Exercise description:
One part of the entries below is wanted: the lines from the one containing "パン屋を覗こうとするメンバーの写真です。" through the one containing "Στη συζήτηση θα". Write those out exactly and nothing else.

Records to process:
[Start of section]
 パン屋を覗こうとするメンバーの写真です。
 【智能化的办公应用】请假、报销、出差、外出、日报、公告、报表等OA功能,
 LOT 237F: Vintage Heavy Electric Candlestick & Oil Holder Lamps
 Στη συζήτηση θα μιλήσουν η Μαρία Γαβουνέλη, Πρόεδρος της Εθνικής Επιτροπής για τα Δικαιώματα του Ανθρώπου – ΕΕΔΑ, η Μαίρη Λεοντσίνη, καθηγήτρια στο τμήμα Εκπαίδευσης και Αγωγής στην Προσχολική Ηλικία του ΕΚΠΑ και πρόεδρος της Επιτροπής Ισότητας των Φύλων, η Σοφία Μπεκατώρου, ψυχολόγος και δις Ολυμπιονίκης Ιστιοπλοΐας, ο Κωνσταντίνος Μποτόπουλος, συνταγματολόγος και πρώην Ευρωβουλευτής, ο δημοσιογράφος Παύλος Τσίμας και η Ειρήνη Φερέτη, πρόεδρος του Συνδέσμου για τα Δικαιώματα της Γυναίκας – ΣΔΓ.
[End of section]
[Start of section]
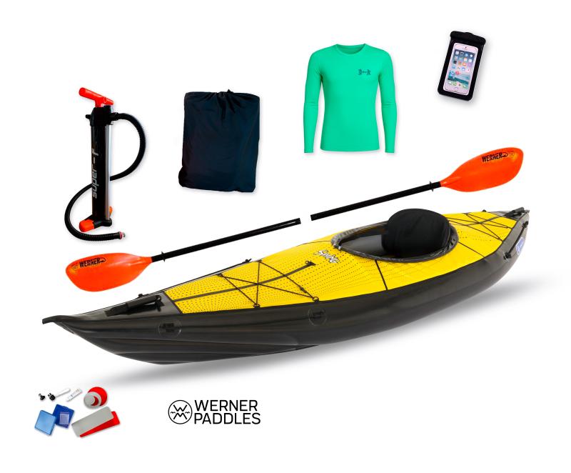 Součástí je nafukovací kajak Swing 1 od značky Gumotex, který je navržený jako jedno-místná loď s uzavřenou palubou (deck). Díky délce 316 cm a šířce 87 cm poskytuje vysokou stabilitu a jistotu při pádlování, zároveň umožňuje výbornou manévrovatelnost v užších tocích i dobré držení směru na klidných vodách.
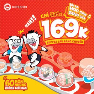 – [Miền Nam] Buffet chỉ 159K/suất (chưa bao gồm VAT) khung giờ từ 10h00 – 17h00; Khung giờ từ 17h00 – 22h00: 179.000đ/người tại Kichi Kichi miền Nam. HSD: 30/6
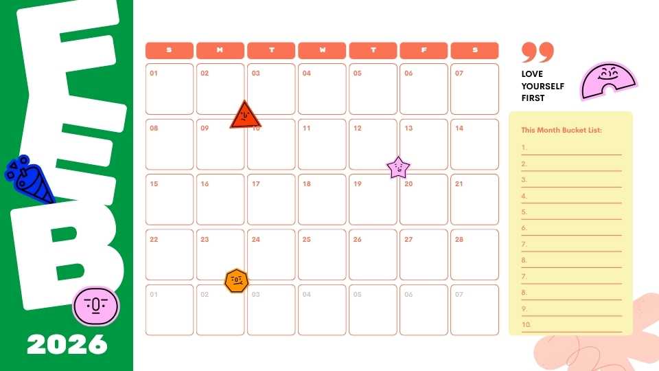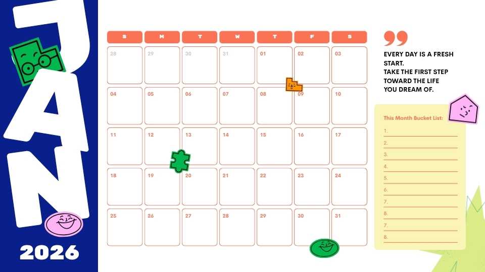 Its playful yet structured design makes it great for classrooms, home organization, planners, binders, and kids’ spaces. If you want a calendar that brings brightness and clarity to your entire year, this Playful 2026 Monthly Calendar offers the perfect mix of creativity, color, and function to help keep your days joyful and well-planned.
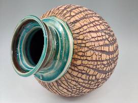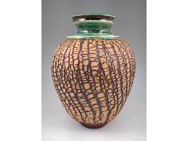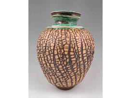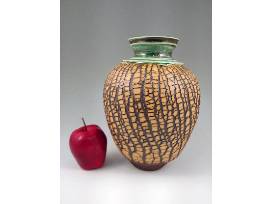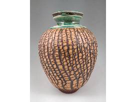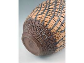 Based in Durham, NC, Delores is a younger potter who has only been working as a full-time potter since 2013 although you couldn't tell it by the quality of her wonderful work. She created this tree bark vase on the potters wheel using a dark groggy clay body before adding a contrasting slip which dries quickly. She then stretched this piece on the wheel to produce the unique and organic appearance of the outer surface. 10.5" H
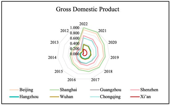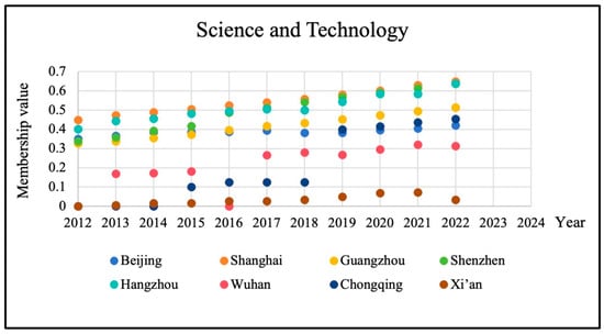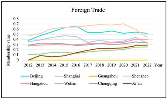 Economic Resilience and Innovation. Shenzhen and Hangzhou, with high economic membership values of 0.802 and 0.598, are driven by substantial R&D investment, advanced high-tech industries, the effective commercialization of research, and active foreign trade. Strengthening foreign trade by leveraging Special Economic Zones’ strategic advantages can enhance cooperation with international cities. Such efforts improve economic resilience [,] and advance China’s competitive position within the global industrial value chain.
[End of section]
Solution for this task:
 パン屋を覗こうとするメンバーの写真です。
 【智能化的办公应用】请假、报销、出差、外出、日报、公告、报表等OA功能,
 LOT 237F: Vintage Heavy Electric Candlestick & Oil Holder Lamps
 Στη συζήτηση θα μιλήσουν η Μαρία Γαβουνέλη, Πρόεδρος της Εθνικής Επιτροπής για τα Δικαιώματα του Ανθρώπου – ΕΕΔΑ, η Μαίρη Λεοντσίνη, καθηγήτρια στο τμήμα Εκπαίδευσης και Αγωγής στην Προσχολική Ηλικία του ΕΚΠΑ και πρόεδρος της Επιτροπής Ισότητας των Φύλων, η Σοφία Μπεκατώρου, ψυχολόγος και δις Ολυμπιονίκης Ιστιοπλοΐας, ο Κωνσταντίνος Μποτόπουλος, συνταγματολόγος και πρώην Ευρωβουλευτής, ο δημοσιογράφος Παύλος Τσίμας και η Ειρήνη Φερέτη, πρόεδρος του Συνδέσμου για τα Δικαιώματα της Γυναίκας – ΣΔΓ.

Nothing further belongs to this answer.